To be issued an open work permit, you must meet the following requirements: have applied under the Spousal/Common-Law Partner Sponsorship Immigration Program; reside at the same address as the sponsor (spouse/common-law partner); have a valid temporary resident status (as a visitor, student, or worker); and
Fulfill all eligibility requirements for spousal or common-law partner sponsorship. Your spouse must meet all eligibility requirements for spousal or common-law partner sponsorship.
Fiance Visa Canada
A fiancé relationship does not automatically qualify you for sponsorship. Many couples in similar situations are already qualified for Canadian immigration under another category, such as common-law partner sponsorship.
Couples who are engaged, betrothed, or affianced to be married but are not deemed common-law under Canadian immigration law may have to wait until they are married to be eligible for Canadian spousal sponsorship.

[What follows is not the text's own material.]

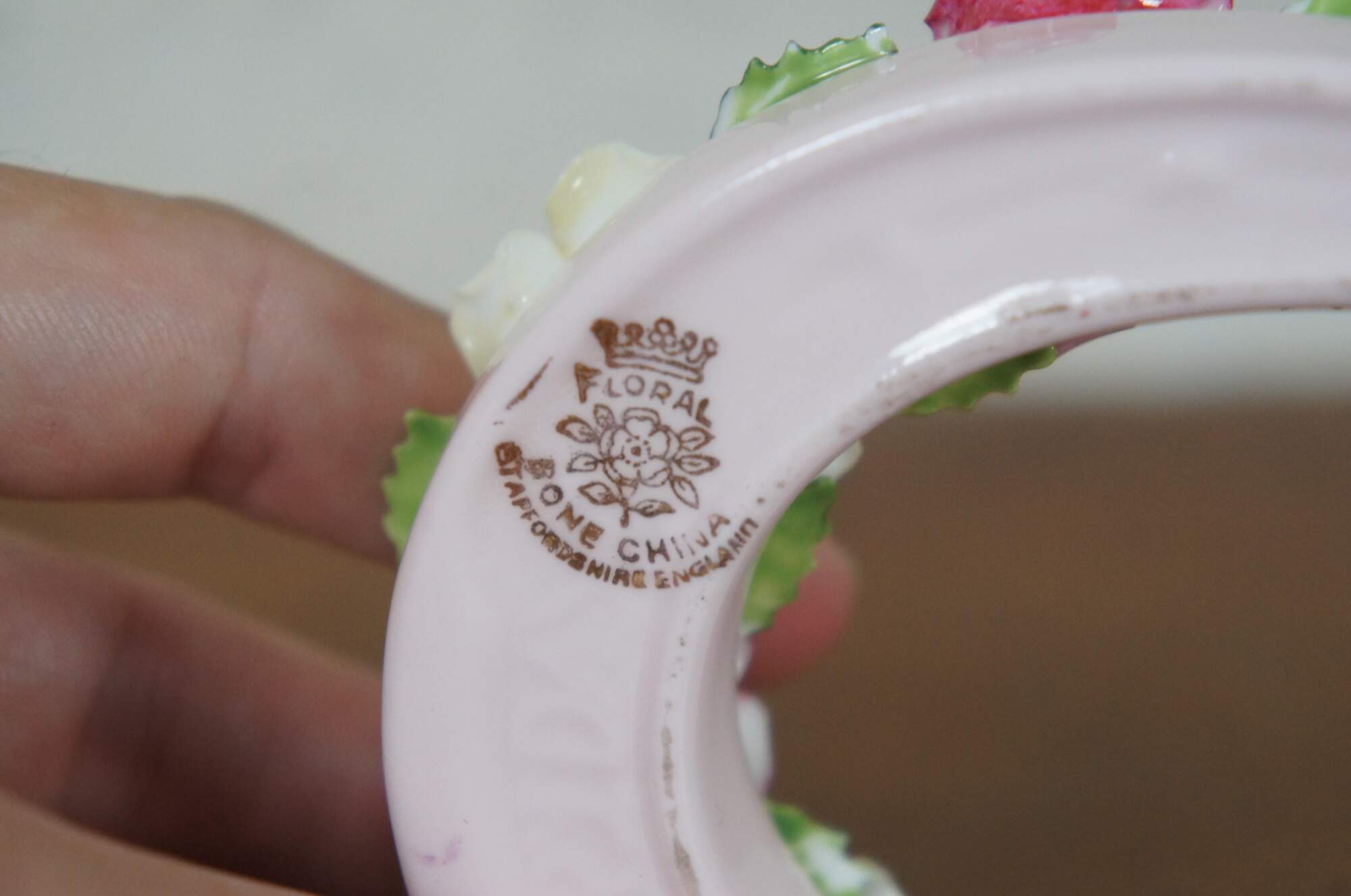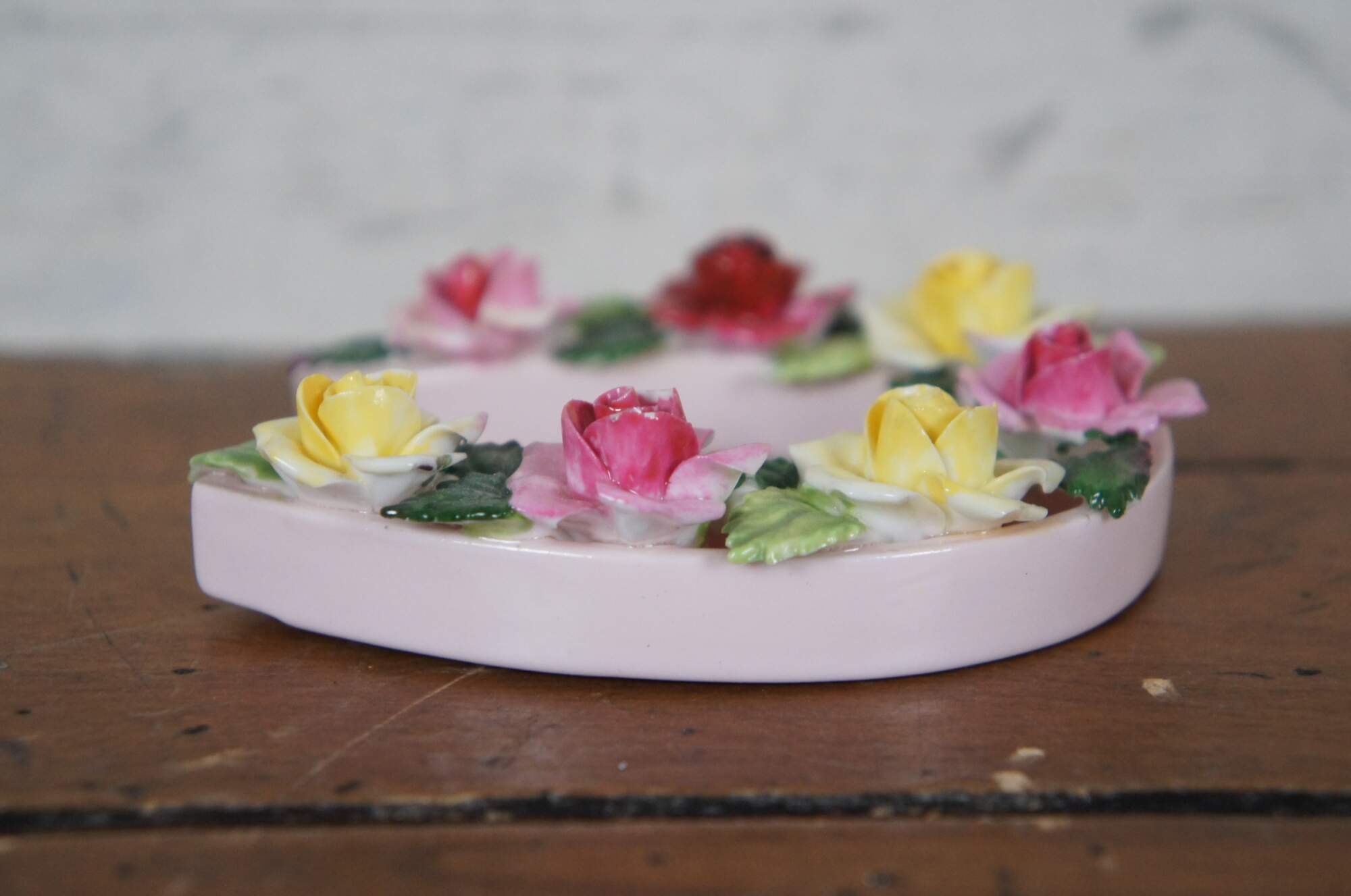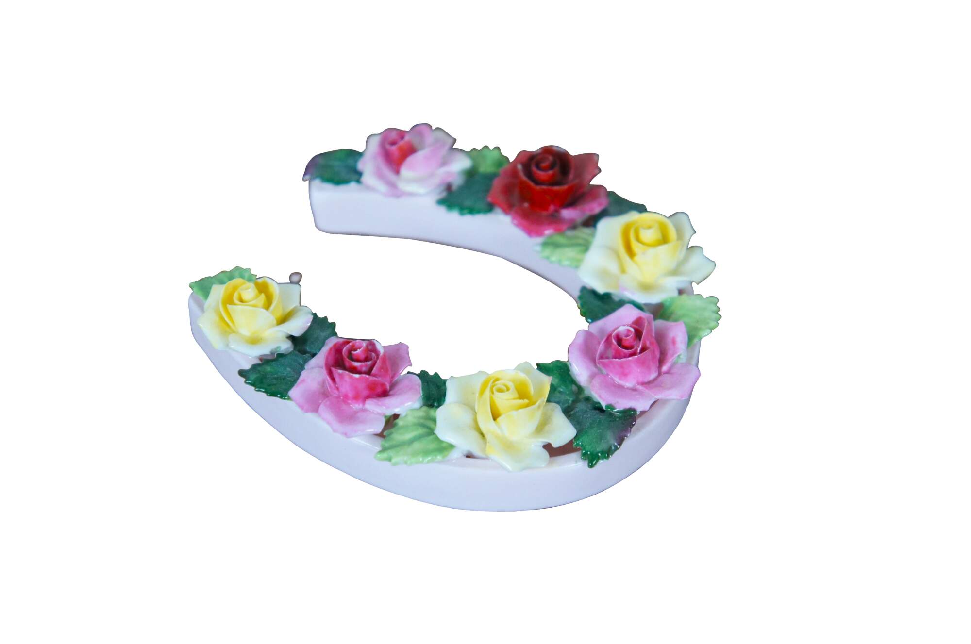 Mid to late 20th century Floral Bone China porcelain figurine / paperweight in the shape of a pink horseshoe decked with yellow, pink and red roses. Raised lettering on back appears to read "Happy Day.

Changes to Spouse Immigration in Canada in 2022
The Canadian Liberal government has announced several significant reforms to the family sponsorship immigration process.
Changes in Spousal Sponsorship:
- Processing times are shorter.
- One application is required for all applicants, whether in or outside Canada.

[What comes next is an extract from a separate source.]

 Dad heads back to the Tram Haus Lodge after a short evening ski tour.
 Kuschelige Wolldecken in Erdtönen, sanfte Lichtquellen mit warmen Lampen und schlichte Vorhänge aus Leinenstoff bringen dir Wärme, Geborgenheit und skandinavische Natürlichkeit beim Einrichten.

- Relationship questionnaire simplified (fewer questions)
- An initial medical examination is no longer necessary.
- Only police certificates from your present country of residence and the nation where you spent most of your adult life are now necessary (if different than the current country).
- Online, you may get real-time information on your Spouse Visa Canada application.
- These reforms make it easier than ever to sponsor a spouse to come to Canada. Still, they do not affect married does not affect fundamental regulatory or statutory family sponsorship requirements.
Although it is now feasible to sponsor a husband or wife to come to Canada more quickly than ever before, candidates must still show Immigration Canada that all Canadian permanent residency sponsorship conditions have been met.
The forms needed to sponsor a spouse for immigration to Canada have also changed, so don’t rely on an out-of-date document checklist.
As part of its commitment to family reunification, the Government of Canada is now granting more Canadian sponsorship applications, in addition to reduced processing timeframes.
Immigration Canada has raised the number of designated seats for sponsored immigrants to lessen the backlog of spousal sponsorship files. The Canadian government has also allocated an additional $25 million to facilitate faster and more predictable implementation.
Sponsoring your spouse, common-law partner, or conjugal partner is a possibility. A common-law partnership in Canada denotes that a couple has lived together in a conjugal relationship for at least one year.
Applicants must demonstrate that they have cohabitated in a de jure partnership for the same amount of time before their application is accepted.